In 1991, in the heady aftermath of Moscow’s momentous events, Misha Rachlevsky found it impossible to resist an opportunity presented by Swiss company Claves, to record Russian works for this label. When Claves concurred with his suggestion to realize the project with Russian musicians, Rachlevsky called auditions, and Chamber Orchestra Kremlin was created. The success of these recordings and the initial concerts and tours, led to turning this formation into a permanent, full time ensemble. The orchestra looks forward to celebrating its 20th anniversary.
Chamber Orchestra Kremlin
Since its formation in the late 1991 in Moscow, the orchestra has performed over 1400 concerts — nearly 600 in Moscow, the rest on tours in 24 countries of Europe, North and South America and the Far East. The orchestra has recorded over 30 CDs, receiving widespread international acclaim and awards such as the Diapason d’Or in France, Critics Choice in London’s Gramophone and in the New York Times, Record of the Year in Hong Kong and others.

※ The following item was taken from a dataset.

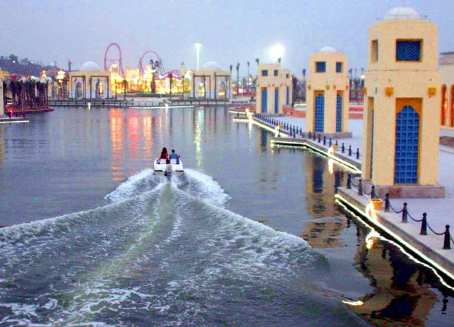 度假城里的神秘島主題樂園有目前世界上最新的傾斜塔、瘋狂松鼠、激流勇進、彈射式過山車等大型現(xiàn)代游樂設施,讓游客在互動中感受極限快樂。而依湖而建的漁人碼頭,設有大型水幕電影,40多艘游艇可在全園貫通的水面游弋,到達園區(qū)內任何一個景點。美食廣場、專賣店、酒吧、西餐廳在這里星羅棋布,充滿西方嘉年華氛圍。另外,度假城還擁有1200多個座位的高科技劇院,360度旋轉座椅使觀眾能盡情欣賞每晚上演的《海邊的夢》主題晚會。度假城中兩座摩洛哥皇宮風格的五星級酒店,由度假功能主樓、會議功能主樓、蜜月套房和溫泉別墅1000間自然客房組成,充滿濃郁的異國風情。

Of about 900 compositions in the orchestra’s repertoire over 20 were written especially for the orchestra by composers from Russia, Europe and the USA.
From Andresen Dagbladet:
“Russia is popularly known for two things – its rockets and its violins. The Chamber Orchestra Kremlin is renowned for the latter, but their music will take you soaring as if somehow there is a connection to the former.
This orchestra has time and again been critically acclaimed as one of the finest string ensembles in Russia today, which is to suggest that it is arguably one of the best in the world. Misha Rachlevsky has molded these young players into a sonorous whole, amazingly greater than the sum of its seventeen parts. Conducting with his eyes closed, he is connected like a wire to each of his players and pulls from them a flawless execution that astounds audiences the world over. Indeed, Chamber Orchestra Kremlin is Rachlevsky’s creation, for in its conception he has achieved the blending of both the incomparable historical character and the present day vitality of Russia’s musical talent.”
From Frankfurter Allgemeine, summarizing its review of the orchestra’s debut at Frankfurt’s Alte Oper:
“The evening with this ensemble, which boasts to be made up of Moscow’s best musicians, completely eliminated any doubts with regard to this statement.”